The story behind the insensitive flag that Nike almost put on its July 4 collection

Francis Akhalbey July 03, 2019
Nike called back its special commemorative Fourth of July Air Max 1 USA sneakers after concerns were raised

In a last minute move, Nike called back its special commemorative Fourth of July Air Max 1 USA sneakers with a Betsy Ross flag after concerns were raised about how offensive the white nationalist supported symbol is.

Set to go on sale this week, the heel on the sneakers featured the late 18-century flag which was created during the American Revolution. With 13 circled flags representing the 13 original colonies, the Betsy Ross designed flag, which was used from 1777 to 1795 was also, at a point in time, endorsed and used by the American Nazi party.

The Air Max 1 USA sneakers

According to The Wall Street Journal, Nike decided to instruct its retailers to return the already shipped sneakers after former San Francisco 49ers quarterback Colin Kaepernick and others raised concerns about how the flag is linked to the slavery era in the United States. Kaepernick, however, did not comment on the issue when he was contacted by the Journal.

An American Nazi Party rally featuring the Betsy Ross flag — Photo Credit: Bettmann/Getty Images

“Nike has chosen not to release the Air Max 1 Quick Strike Fourth of July as it featured the old version of the American flag,” a spokeswoman from Nike said.

Though the sneakers were officially pulled off the shelves, some sneaker selling sites managed to lay their hands on a few, with its value on StockX rising to as high as $2000.

On Tuesday, however, the CEO of StockX Scott Cutler announced they were removing the sneakers from the site as its sale “does not align” with the company’s “value system.”

In a statement to CNN Business, Nike further clarified its reason for calling back the sneakers.

“Nike made the decision to halt distribution of the Air Max 1 Quick Strike Fourth of July based on concerns that it could unintentionally offend and detract from the nation’s patriotic holiday,” the statement read. “Nike is a company proud of its American heritage.”

The decision by Nike to call back the sneakers was, however, criticized by a section of Americans.

The Republican governor of Arizona, Doug Ducey took to his Twitter page to condemn Nike’s “terrible decision” saying he was “embarrassed.”

“Instead of celebrating American history the week of our nation’s independence, Nike has apparently decided that Betsy Ross is unworthy, and has bowed to the current onslaught of political correctness and historical revisionism,” he shared.

“It is a shameful retreat for the company.
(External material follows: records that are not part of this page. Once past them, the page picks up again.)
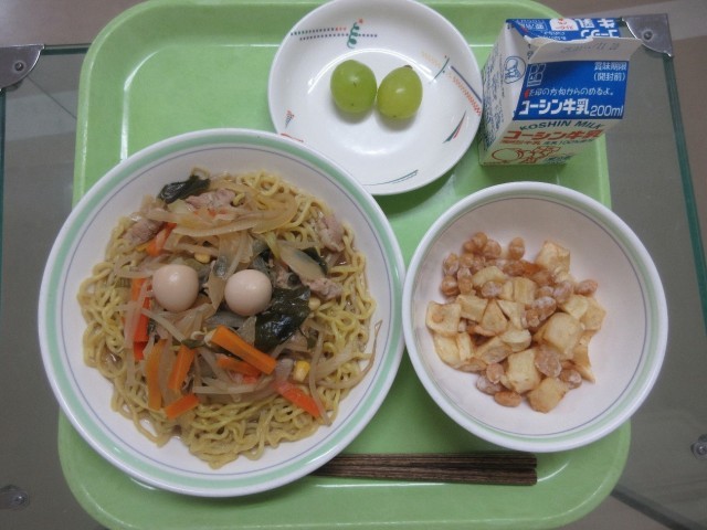 五目ラーメン・大豆とポテトのガーリックフライ・果物(シャインマスカット)・牛乳
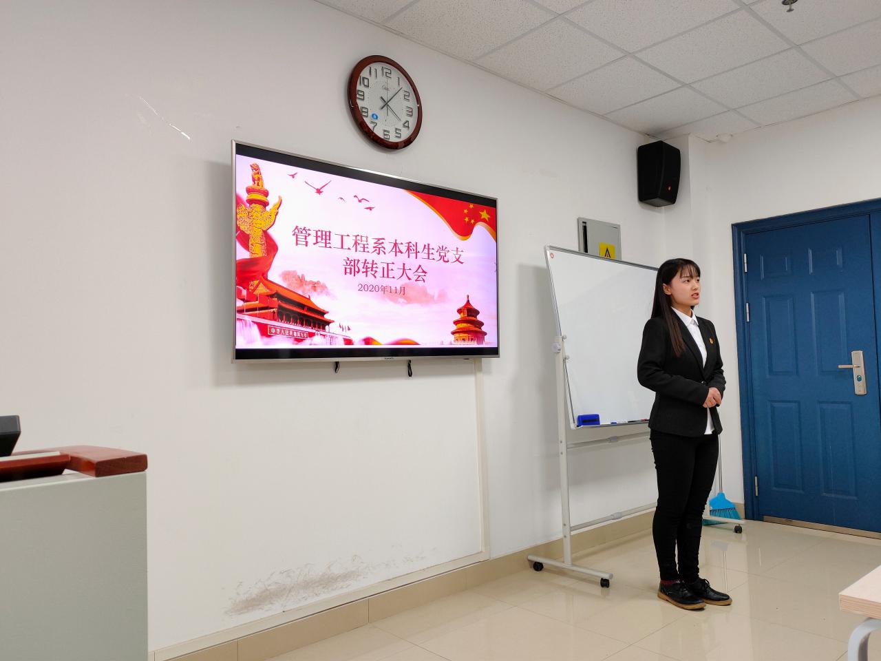 (通讯员 张洋)2020年11月26日下午16点,304永利集团官网入口管理工程系本科生党支部于文科大楼417召开了预备党员转正大会。由于疫情原因,黄芊同志以线上腾讯会议的方式同步参会。会议讨论关于黄芊等4位同志按期转正的问题。参会人员有党支部书记李博老师、6位正式党员与19位预备党员。本次会议由陆媛主持。
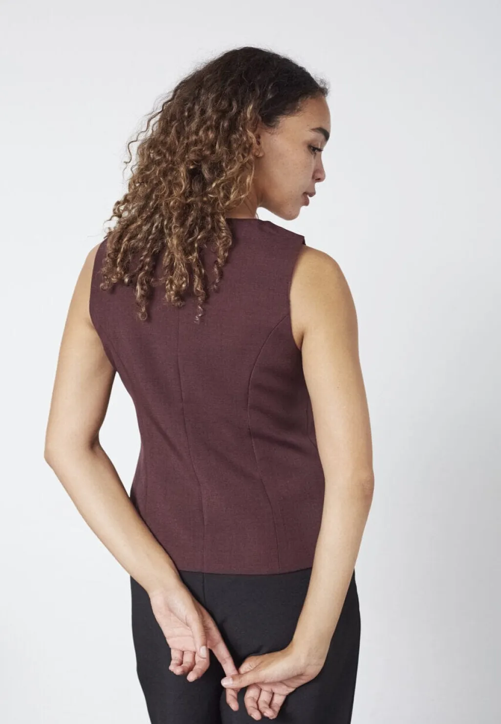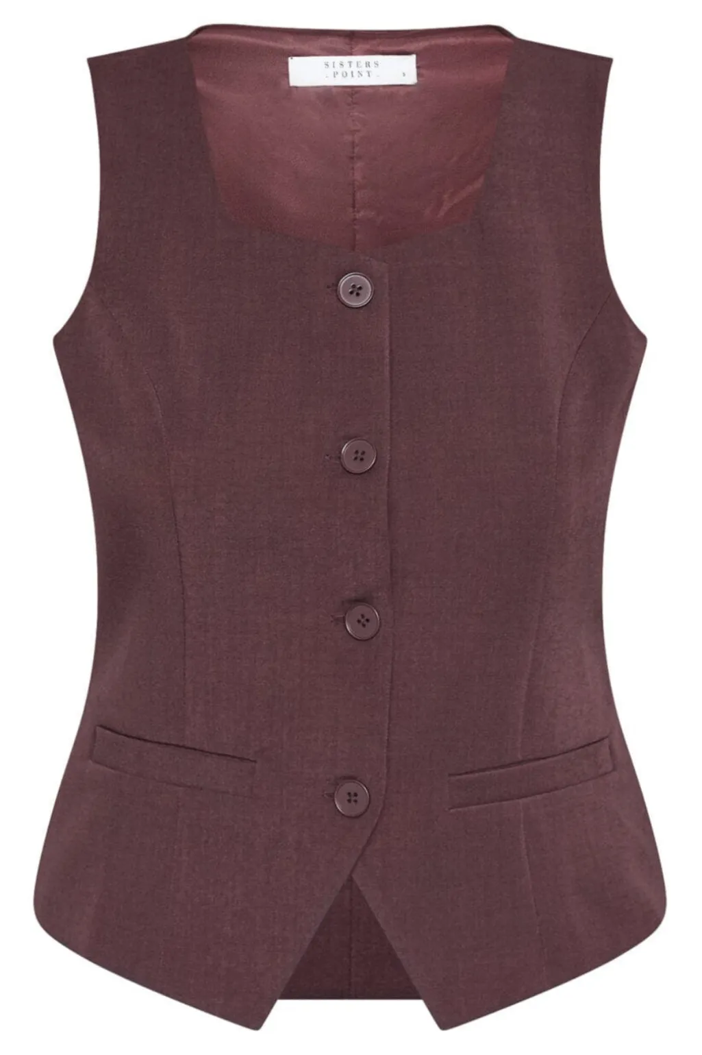 En ærmeløs vest fra Sisters Point i dyb bordeaux. Vesten har en slim fit-pasform og en firkantet halsudskæring med knaplukning foran.
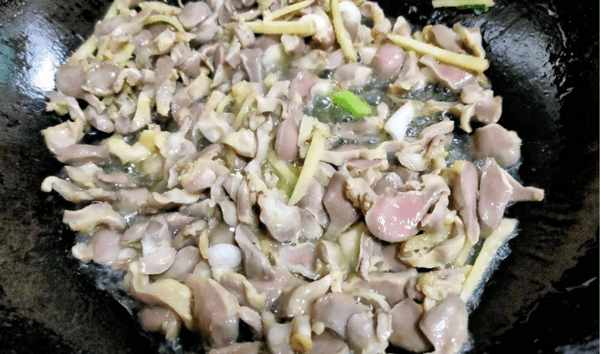 6:置旺火炸熟,倒入焯过水的鸡肚,鸡肚翻炒一分钟左右,加点泡椒和几片大蒜快速炒熟。
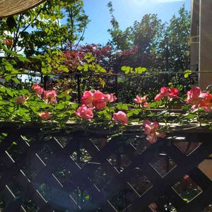 誘引したつるバラがみごとに咲いてます🎵 西日に花びらが透けてまたいい色あいに(*^^*)

American businesses should be proud of our country’s history, not abandoning it.”

Ducey went as far as ordering the Arizona Commerce Authority to withdraw its $1 million financial incentive it was granting the company to set up a plant in the state.
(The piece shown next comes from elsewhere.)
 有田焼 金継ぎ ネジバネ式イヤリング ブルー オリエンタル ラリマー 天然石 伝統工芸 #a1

“Arizona’s economy is doing just fine without Nike. We don’t need to suck up to companies that consciously denigrate our nation’s history,” he added.
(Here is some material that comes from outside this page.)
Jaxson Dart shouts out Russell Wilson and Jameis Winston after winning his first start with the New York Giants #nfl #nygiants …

Texas Senator Ted Cruz also criticized Nike’s move Tweeting they only want “to sell sneakers to people who hate the American flag.”

Kaepernick, who has been without a National Football League (NFL) team since 2016 after he started kneeling during the national anthem to raise awareness about police brutality against blacks and other racial injustices was unveiled as the face of Nike’s ‘Just Do it’ 30th Anniversary campaign last year ruffling some feathers as a result.